Теперь жажда катаклизма в одночасье вернулась. Чем нежнее становился ветер, чем отчетливее слышалось мурлыканье парочек, чем острее был запах свежей краски, которой замазывали скамейки и ограды, тем сильнее хотелось, чтобы все вожделенные катастрофы немедленно произошли. Отшвырнув тряпку, не поправив волос, не переодевшись, Вера выскочила за дверь.
С отъездом банкира обнаружилось, что она совершенно, в самом натуральном смысле одинока. Товарки повыскакивали замуж, а семейные пары не любят поддерживать отношения с незамужней и привлекательной. Муж боится, что такая подтолкнет его половину к гулянкам, жена – что муж оступится.
Друзей-мужчин не было, банкир-собственник ее огораживал, а редкие прорвавшиеся сквозь его ревность интересовались ею только как предметом реализации незамысловатых эротических фантазий и теряли всякий пыл, даже делались недругами, едва поняв, что поживиться не выйдет.

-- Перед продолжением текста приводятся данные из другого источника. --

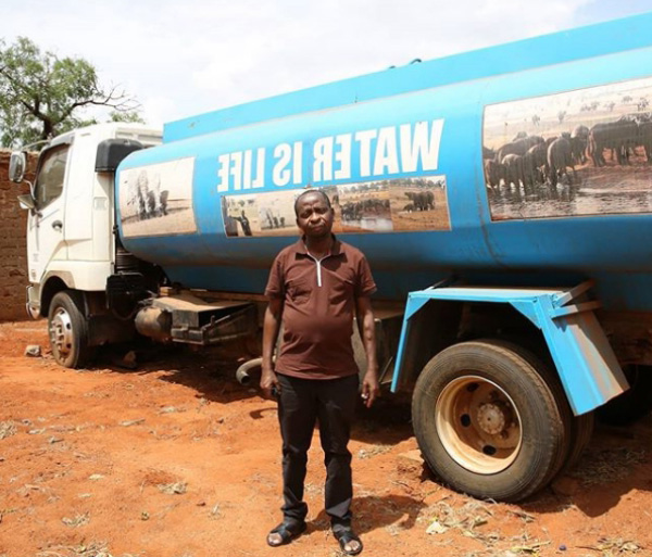 ▼Patrick是當地村莊的碗豆農夫,從小跟野生動物一起長大。有一次他偶然看到一頭水牛正不斷嗅已經乾涸的水池,這讓他意識到,動物們急需飲用水。因此他租了一輛能夠容納1萬公升的水車,每天開車到70公里外的地方蓄水,再載到國家公園中灑水。
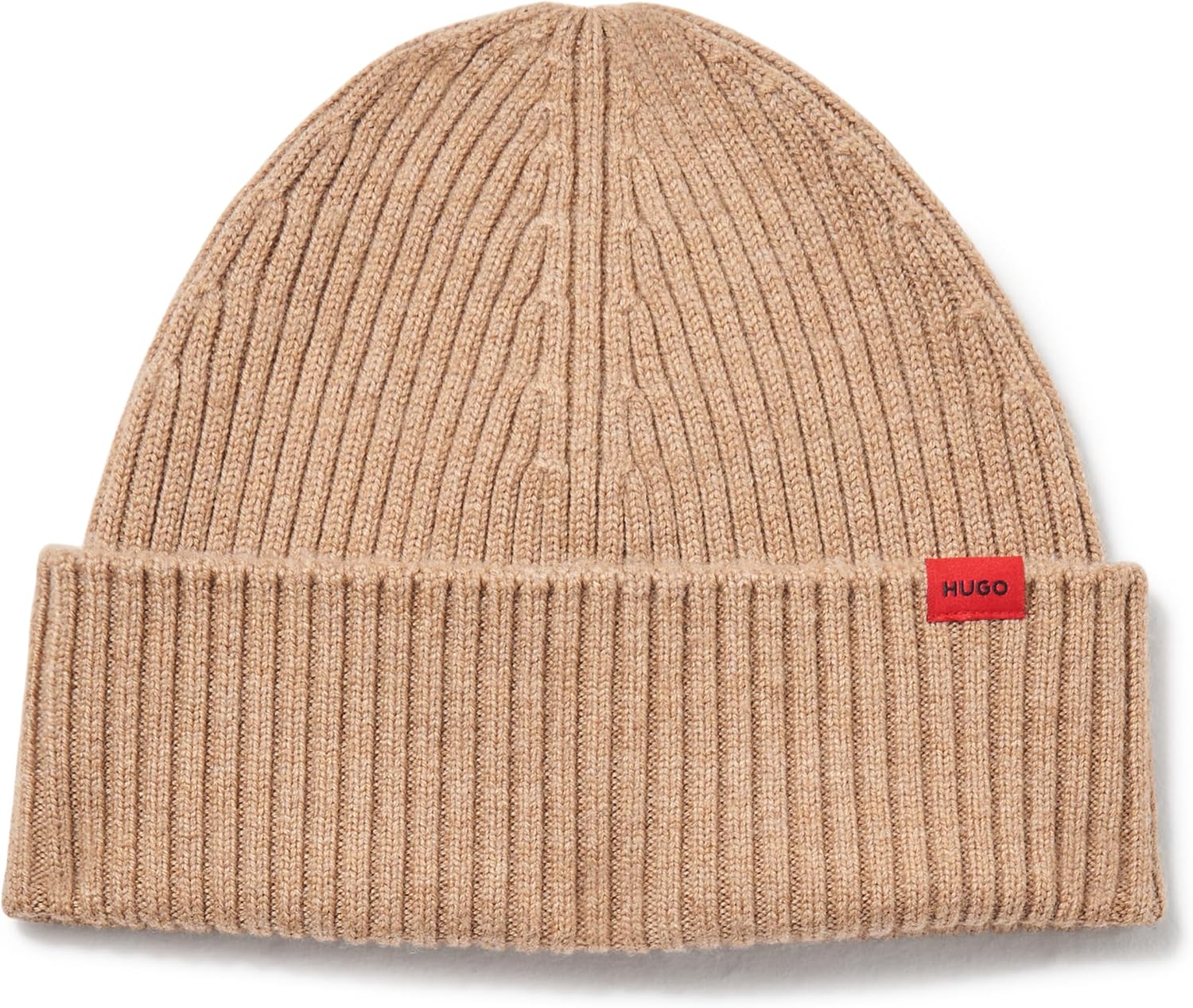 BOSS Men's Ribbed Beanie with Felt Woven Center Logo

Вера была все еще очень хороша, но повсюду сновали представительницы новых поколений, находящиеся в разных фазах цветения молодости. Она чувствовала, что пространство вокруг нее, всегда искрящее от мужских взглядов и неприличных предложений, обращается в штиль и скоро будет напоминать вакуумную пустоту. Привыкнув, что поблизости всегда кто-то вьется, Вера теперь напоминала корабль-долгострой, который решили на воду семейной жизни не спускать, а разобрать стапели. Последнюю подпорку вот-вот уберут, он завалится набок и будет медленно ржаветь, служа печальным примером.